Автобиография
Это шутка, какой я казак. Но я не согласен и с женой, говорящей, что я псих. Для психа я недостаточно цельный.
Всё же мне чудится то то, то сё. Например, мне иногда чудится уютный старый дом.
Здесь вечер, зима, и дом этот в каком-то маленьком городишке, в безнадёжной, бездонной советской глубинке. Это так далеко и глубоко, что здесь даже нет начальства. То есть начальство, наверное, есть, не может быть без начальства, но оно никак себя не проявляет.

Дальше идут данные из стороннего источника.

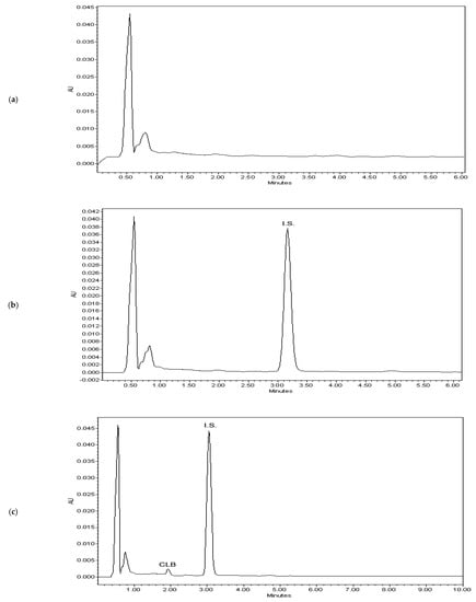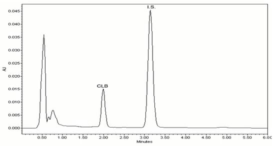 System suitability was determined before the sample analysis. Six solutions containing 15 µg/mL of CLB and 15 µg/mL of I.S. were prepared in methanol and injected onto the column. The similarity of peak area ratios of CLB to I.S. and similarity of retention times of both CLB and I.S. were taken into account.
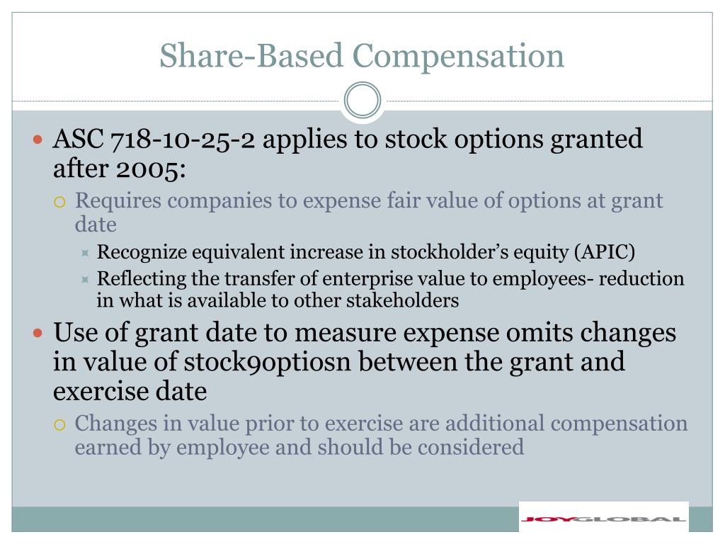 Share-Based Compensation • ASC 718-10-25-2 applies to stock options granted after 2005: • Requires companies to expense fair value of options at grant date • Recognize equivalent increase in stockholder’s equity (APIC) • Reflecting the transfer of enterprise value to employees- reduction in what is available to other stakeholders • Use of grant date to measure expense omits changes in value of stock9optiosn between the grant and exercise date • Changes in value prior to exercise are additional compensation earned by employee and should be considered

Здесь степь, но есть и лес. В доме горит керосиновая лампа и все сошлись для дружеского застолья, с водкой, с разговорами, с пением, нехитрой, но душевной закуской, мочеными арбузами и жареной картошкой.
Года стоят пятидесятые, но может и тридцатые, во всяком случае, не двадцатые и не семидесятые.
В доме живут очень приятные для меня люди. Есть и подозрительные личности, случайно избегшие лагеря, а может и чего-то похуже.
Мне кажется, что это воспоминание о моем двоюродном деде, не то Мише, не то Жоре, который сбежал из станицы от расказачивания и от раскулачки, и под конец нашёлся в Сумгаите, городе на берегу Каспийского моря. Толстый лысый старик, он работал садовником при исполкоме. С ним жила жена-старушка.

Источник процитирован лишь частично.